→ YOUR ASSIGNMENT
In the records below, find the line with "① | 受講生の画面であることが表示されます |" and repeat exactly every line from it through the line with "73095830 alte Postkarte". Pictures stay out.

→ SUPPLIED MATERIAL
- - - -

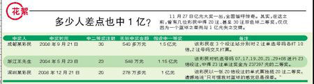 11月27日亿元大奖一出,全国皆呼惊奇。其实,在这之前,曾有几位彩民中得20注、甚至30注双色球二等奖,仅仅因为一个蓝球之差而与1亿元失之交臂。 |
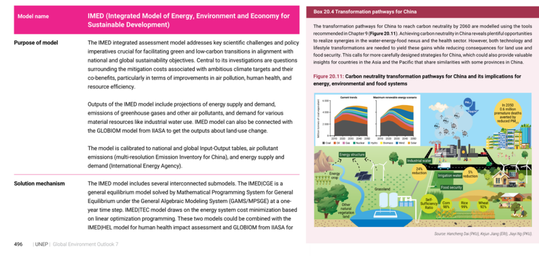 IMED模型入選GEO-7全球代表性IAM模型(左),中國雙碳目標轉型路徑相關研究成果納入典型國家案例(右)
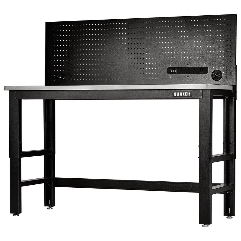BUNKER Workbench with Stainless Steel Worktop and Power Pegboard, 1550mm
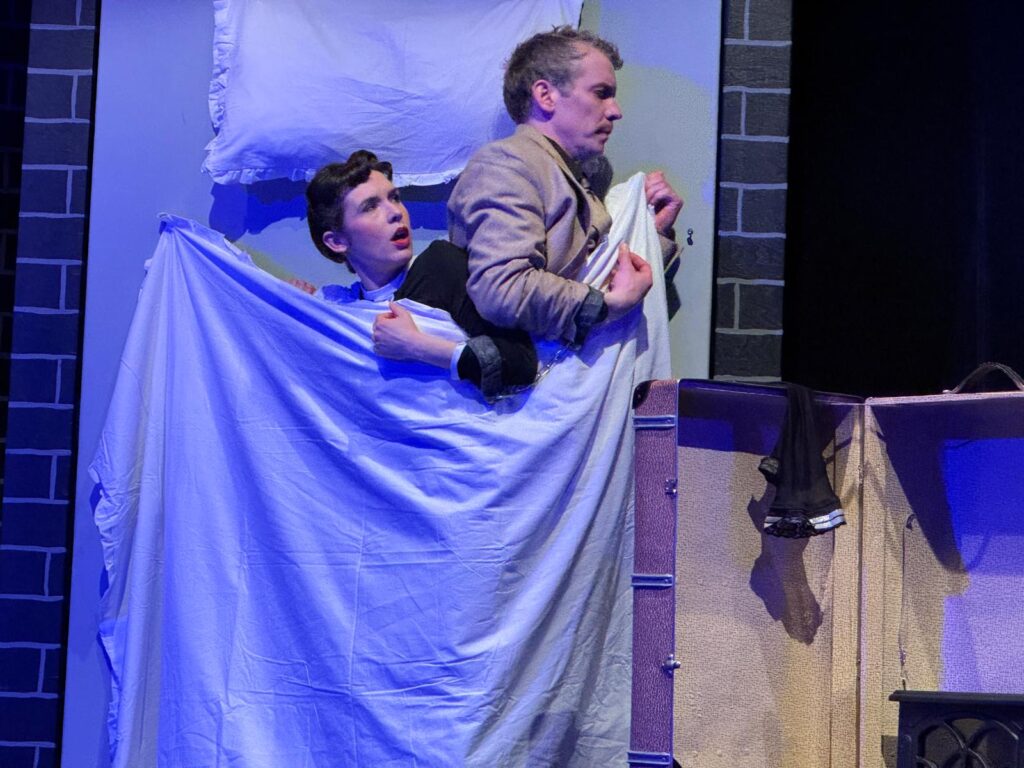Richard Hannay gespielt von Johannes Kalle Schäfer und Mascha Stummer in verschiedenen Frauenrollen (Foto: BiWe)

- - - -

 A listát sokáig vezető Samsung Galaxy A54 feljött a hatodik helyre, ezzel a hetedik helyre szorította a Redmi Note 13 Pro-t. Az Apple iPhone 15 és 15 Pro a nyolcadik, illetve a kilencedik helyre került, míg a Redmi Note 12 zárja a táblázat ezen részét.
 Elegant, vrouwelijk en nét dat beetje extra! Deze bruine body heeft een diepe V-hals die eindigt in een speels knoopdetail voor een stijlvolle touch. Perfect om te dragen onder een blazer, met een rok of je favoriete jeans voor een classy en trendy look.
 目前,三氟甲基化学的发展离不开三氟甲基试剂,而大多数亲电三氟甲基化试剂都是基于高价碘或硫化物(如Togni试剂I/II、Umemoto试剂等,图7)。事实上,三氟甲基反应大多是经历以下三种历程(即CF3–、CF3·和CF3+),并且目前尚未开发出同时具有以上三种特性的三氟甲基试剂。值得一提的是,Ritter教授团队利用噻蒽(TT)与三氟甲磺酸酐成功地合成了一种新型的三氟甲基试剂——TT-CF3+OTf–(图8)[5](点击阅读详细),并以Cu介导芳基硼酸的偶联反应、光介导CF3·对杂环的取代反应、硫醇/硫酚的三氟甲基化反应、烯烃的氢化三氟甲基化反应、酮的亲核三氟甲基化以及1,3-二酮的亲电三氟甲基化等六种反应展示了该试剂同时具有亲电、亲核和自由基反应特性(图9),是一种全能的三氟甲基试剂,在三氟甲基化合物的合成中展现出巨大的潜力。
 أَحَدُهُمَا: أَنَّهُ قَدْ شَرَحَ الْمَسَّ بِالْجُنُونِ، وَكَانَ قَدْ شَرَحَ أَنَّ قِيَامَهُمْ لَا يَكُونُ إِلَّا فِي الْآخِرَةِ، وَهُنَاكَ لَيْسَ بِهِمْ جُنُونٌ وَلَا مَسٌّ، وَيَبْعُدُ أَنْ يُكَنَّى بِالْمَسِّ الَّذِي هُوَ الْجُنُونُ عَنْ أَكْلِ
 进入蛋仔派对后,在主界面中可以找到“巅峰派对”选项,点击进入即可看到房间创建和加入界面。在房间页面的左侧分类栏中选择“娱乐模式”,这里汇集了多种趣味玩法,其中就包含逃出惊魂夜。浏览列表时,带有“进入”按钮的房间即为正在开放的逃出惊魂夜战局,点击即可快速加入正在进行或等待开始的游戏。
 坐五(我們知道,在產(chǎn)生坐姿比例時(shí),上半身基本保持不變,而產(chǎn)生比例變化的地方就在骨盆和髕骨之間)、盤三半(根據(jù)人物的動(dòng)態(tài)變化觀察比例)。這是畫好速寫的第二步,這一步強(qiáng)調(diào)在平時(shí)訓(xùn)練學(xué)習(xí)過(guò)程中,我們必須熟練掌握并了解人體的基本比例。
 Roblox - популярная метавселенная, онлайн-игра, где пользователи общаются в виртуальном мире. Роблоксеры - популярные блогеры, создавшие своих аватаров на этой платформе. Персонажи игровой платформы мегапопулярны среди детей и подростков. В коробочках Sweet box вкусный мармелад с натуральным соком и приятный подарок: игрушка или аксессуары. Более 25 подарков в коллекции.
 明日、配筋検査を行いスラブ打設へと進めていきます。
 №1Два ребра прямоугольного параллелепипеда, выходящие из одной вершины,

- - - -

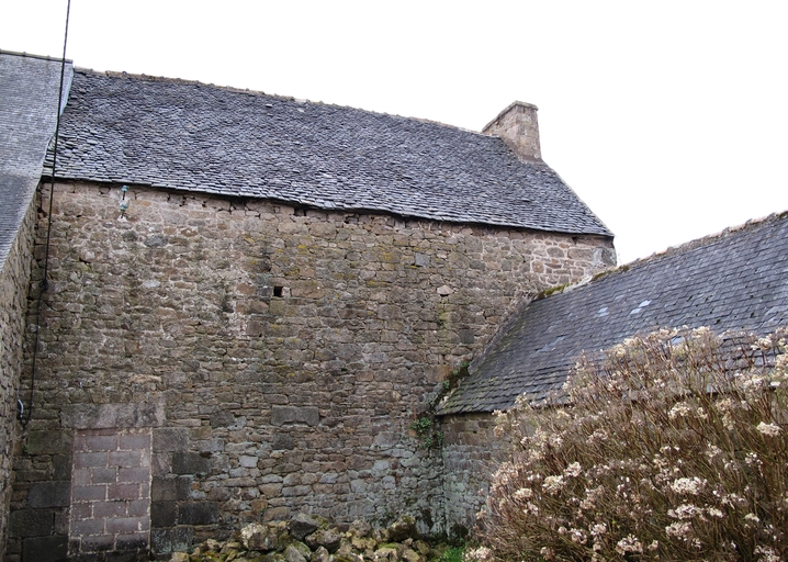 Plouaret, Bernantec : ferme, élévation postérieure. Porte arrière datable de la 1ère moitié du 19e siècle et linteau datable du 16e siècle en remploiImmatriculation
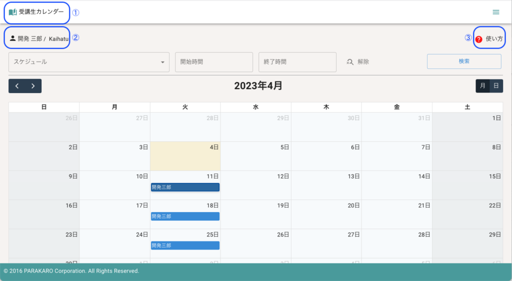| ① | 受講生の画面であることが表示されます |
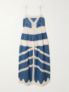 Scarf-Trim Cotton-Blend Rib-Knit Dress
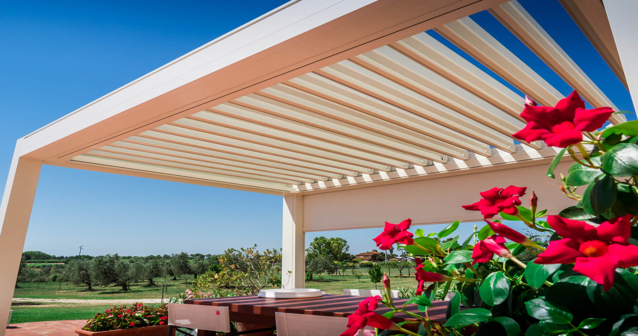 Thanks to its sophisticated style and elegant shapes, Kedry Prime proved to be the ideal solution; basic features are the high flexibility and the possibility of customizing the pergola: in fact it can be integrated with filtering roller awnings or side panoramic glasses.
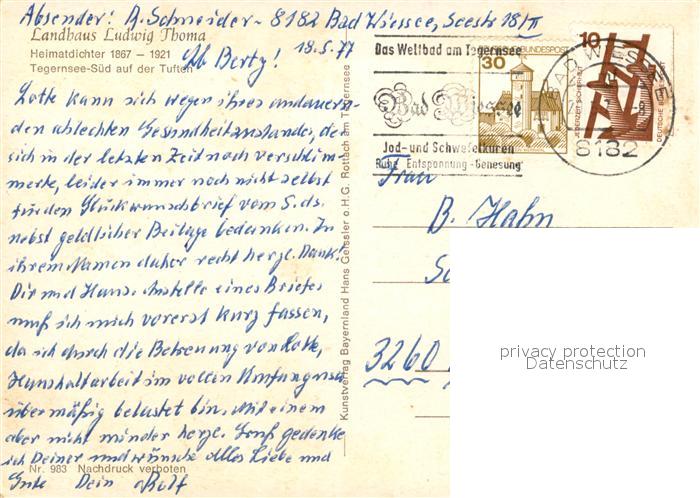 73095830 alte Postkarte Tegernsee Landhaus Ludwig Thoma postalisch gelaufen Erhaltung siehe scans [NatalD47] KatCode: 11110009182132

- - - -

→ ANSWER
| ① | 受講生の画面であることが表示されます |
 Scarf-Trim Cotton-Blend Rib-Knit Dress
 Thanks to its sophisticated style and elegant shapes, Kedry Prime proved to be the ideal solution; basic features are the high flexibility and the possibility of customizing the pergola: in fact it can be integrated with filtering roller awnings or side panoramic glasses.
 73095830 alte Postkarte Tegernsee Landhaus Ludwig Thoma postalisch gelaufen Erhaltung siehe scans [NatalD47] KatCode: 11110009182132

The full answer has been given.